Tim Wu, A Proponent Of Breaking Up Tech Giants, Joins Joe Biden’s White House National Economic Council

Tim Wu, a professor and lawyer known for coining the term “net neutrality” and for writing authoritative media books like The Master Switch, has been named to a White House post.

He will serve on President Joe Biden’s National Economic Council, leaving his post at Columbia University to become special assistant to the president for technology and competition policy. The position will not give him the authority other administration officials have in terms of antitrust matters and related issues but it will offer a larger, formal platform for positions he has taken over the years.

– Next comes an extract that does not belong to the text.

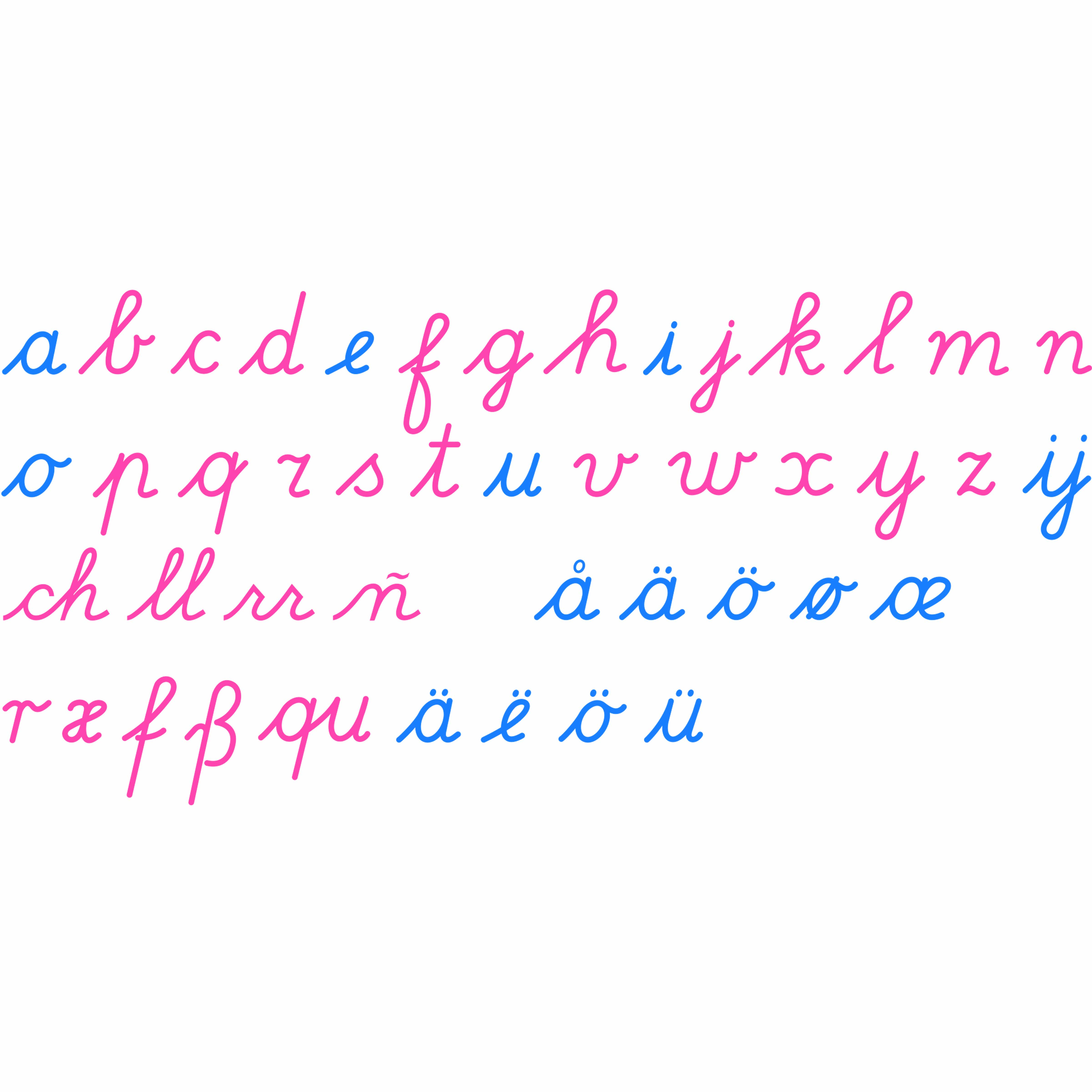 The Wooden Movable Alphabet with international cursive letterforms bridges the gap between a child's desire to communicate and their developing hand coordination. Each wooden letter can be touched, traced, and arranged without requiring the fine motor control needed for pencil writing. The blue vowels and pink consonants create a visual pattern that helps children recognize the two fundamental components of word construction. This cursive movable alphabet specifically prepares children for the flowing movements of connected writing, as each letter's shape naturally leads into the next. The wooden pieces allow unlimited word building attempts without fatigue or frustration. Children can express complex thoughts by arranging these letters long before their hands can form the same letters with a pencil. The tactile experience of handling each carved cursive form reinforces letter recognition through muscle memory. By separating the intellectual challenge of spelling from the physical challenge of writing, the movable alphabet reveals each child's true language capabilities.

There has been bipartisan support in recent years for bringing down the regulatory hammer on big tech. Federal lawsuits pending against Facebook and Google are expected to gear up under Biden. Even the executives leading the companies have recognized publicly that regulation should play a more prominent role in shaping the companies. Biden’s exact plan for how to do that is not yet fully clear, and as a candidate he was not as outspoken on the issue as Democratic rivals like Sens. Elizabeth Warren or Bernie Sanders.

A contributor to the New York Times opinion pages, Wu has frequently argued that tech companies are choking competition and harming customers with data collection and other activities. He is credited with coining the term “net neutrality,” a set of laws that govern how the internet is managed and allow providers to “gate” certain “lanes” of internet traffic. Net neutrality, repealed during the Donald Trump administration, is supported by content suppliers like Netflix, who say it keeps gatekeepers from “throttling” their streaming service. Major broadband suppliers like Comcast take the opposing view.

Wu has worked at the Federal Trade Commission, for the New York Attorney General, as a fellow at Google, and for telecom firm Riverstone Networks. Along with The Master Switch, about cycles of communication innovation over the past century, Wu wrote the book The Attention Merchants, which focuses on advertising through the digital age.